Charles Gardner Geyh, Indiana University, Bloomington

In her iconic rendition of “Proud Mary,” Tina Turner begins with a sultry hiss:

Sometimes we like to do things nice and easy. But we never like to do things completely nice and easy, because sometimes we like to do things nice…and rough!

The same may be said when it comes to analyzing public survey data about the Supreme Court (to strengthen the metaphor, you could envision this law professor at his keyboard in a sequined cocktail dress, but I don’t recommend it).

There are certain “easy” things one can say about the numbers, and I will turn to them first. Then there are deeper implications, which is where the going gets rough, and I will discuss those second.

First, the easy bit.

Democrats and Republicans take turns yelling

The Pew Research Center has been conducting surveys on the Supreme Court for over 30 years.
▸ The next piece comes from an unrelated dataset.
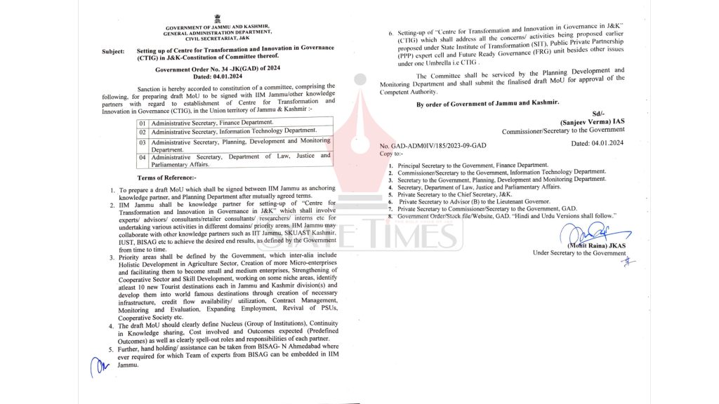 Sanction is hereby accorded to constitution of a committee, comprising the following, for preparing draft MoU to be signed with IIM Jammu/other knowledge partners with regard to establishment of Centre for Transformation and Innovation in Governance (CTIG), in the Union territory of Jammu & Kashmir, read complete order below.

Their most recent survey from 2015 shows that 48 percent of the public holds a favorable opinion of the Supreme Court, as compared to 43 percent, who report a negative opinion.

Pew reports a recent decline in public approval, which it attributes to a sharp drop in support from conservatives after the Supreme Court’s decisions in the same-sex marriage and Obamacare cases.

But before you conservatives get too hot and bothered, note this: as recently as 2010, the shoe was on the other foot, when declining public support for the Supreme Court was accelerated by liberals, who then viewed the court less favorably than conservatives.

None of this is especially surprising.

First, 70 percent of us, according to Pew, think that politics influences the choices justices make. And social science data corroborate the public’s view, by showing a strong correlation between a justice’s ideological predilections and the decisions he or she makes.

Second, 56 percent believe that that the justices “should consider what most Americans think” when they decide cases.

It’s true that canons of judicial ethics direct judges not to be influenced by “public clamor” when deciding cases. And indeed many college-educated folk share this view.

But when a significant segment of the public thinks that the justices make political choices and that the public’s political preferences should influence those choices, it follows that the public will view the court more or less favorably depending on whether the court implements the public’s political preferences.

All of which may have little to do with the legal questions the court is deciding.

For example, whether the public thought favorably of the Supreme Court after its decision to uphold the Affordable Care Act case may have more to do with whether the public liked Obamacare than whether it thought the legislation exceeded Congress’s constitutional authority to regulate commerce or raise taxes.

And so, Republicans and Democrats take turns yelling at the court, depending on whose ox the court has gored lately.

So far, so easy.

But here is where the sledding gets rougher.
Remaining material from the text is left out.